The validity of the issuance of Common Stock registered hereby is passed on for the Company by Michael D. Cohen. Mr. Cohen is the Senior Vice President, Deputy General Counsel and Corporate Secretary of the Company and is compensated by the Company as an employee. Mr. Cohen owns 871 shares of Common Stock, and Company stock options to acquire up to an additional 38,910 shares of Common Stock.

Item 6. Indemnification of Directors and Officers.

The Company is incorporated under the laws of Delaware. Section 145 of the Delaware General Corporation Law (the “DGCL”) permits each corporation organized thereunder the power to indemnify any person who is or was a director, officer, employee or agent of a corporation or enterprise, against expenses, including attorneys’ fees, judgments, fines and amounts paid in settlement actually and reasonably incurred by him in connection with any threatened, pending or completed action, suit or proceeding, whether civil, criminal, administrative or investigative, other than an action by or in the right of the corporation, by reason of being or having been in any such capacity, if he acted in good faith in a manner reasonably believed to be in, or not opposed to, the best interests of the corporation, and, with respect to any criminal action or proceeding, had no reasonable cause to believe his conduct was unlawful.
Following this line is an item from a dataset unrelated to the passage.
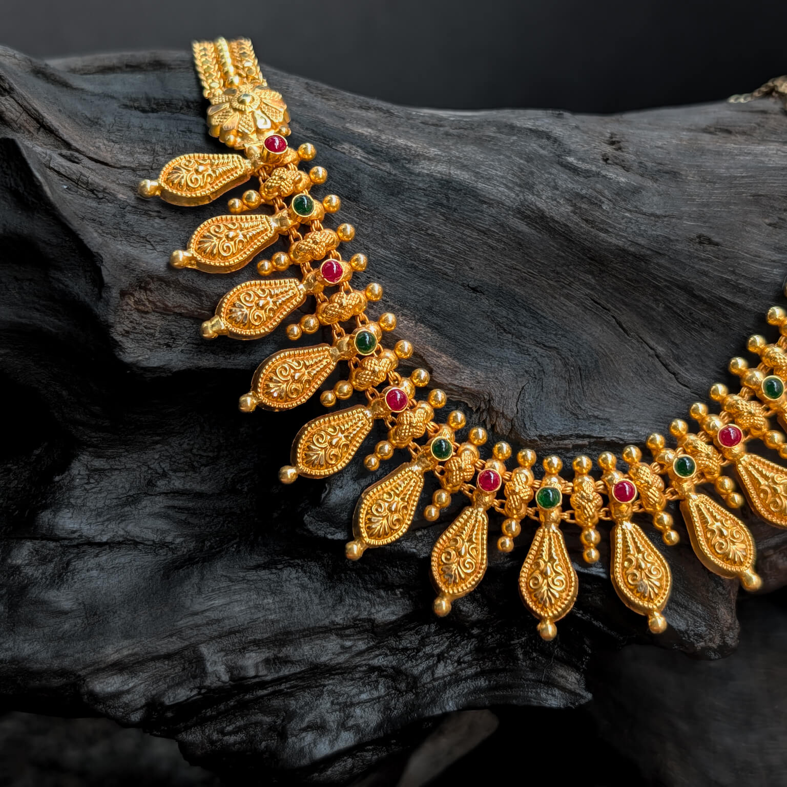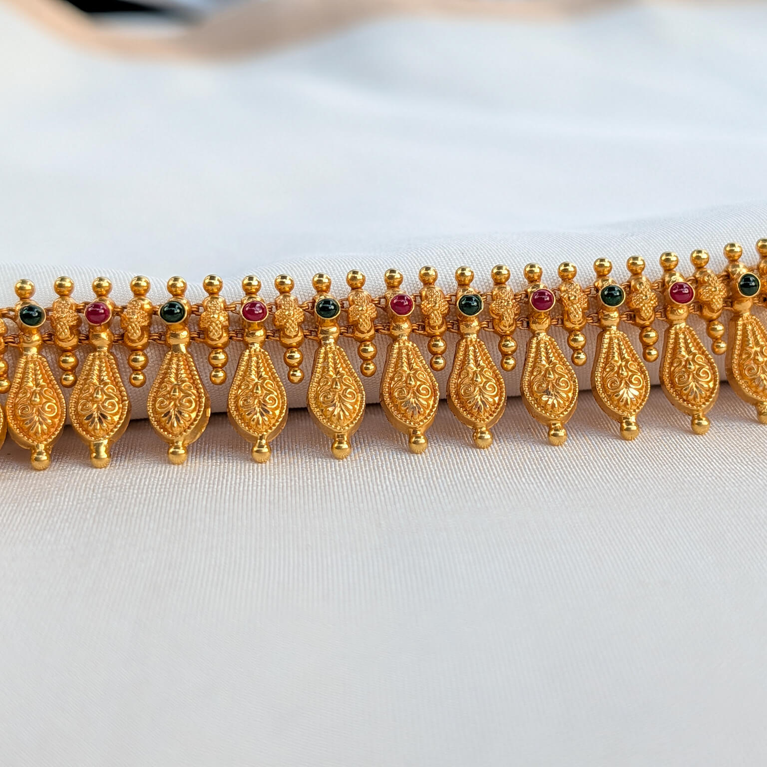 Necklace - Short - Antique Peacock Motif Lakshmi Cob Ruby

Section 102(b)(7) of the DGCL enables a corporation in its certificate of incorporation or an amendment thereto to eliminate or limit the personal liability of a director to the corporation or its stockholders of monetary damages for violations of the directors’ fiduciary duty of care, except (i) for any breach of the director’s duty of loyalty to the corporation or its stockholders, (ii) for acts or omissions not in good faith or that involve intentional misconduct or a knowing violation of law, (iii) pursuant to Section 174 of the DGCL (providing for liability of directors for unlawful payment of dividends or unlawful stock purchases or redemptions) or (iv) for any transaction from which a director derived an improper personal benefit. The bylaws of the Company indemnifies to the fullest extent of the law every director and officer against expenses incurred by him if he acted in good faith and in a manner he reasonably believed to be in, or not opposed to, the best interest of the corporation. In addition, all of the directors and executive officers have entered or intend to enter into separate contractual indemnity arrangements with Caesars Entertainment Corporation. These arrangements provide for indemnification and the advancement of expenses to these directors and executive officers in circumstances and subject to limitations substantially similar to those described above.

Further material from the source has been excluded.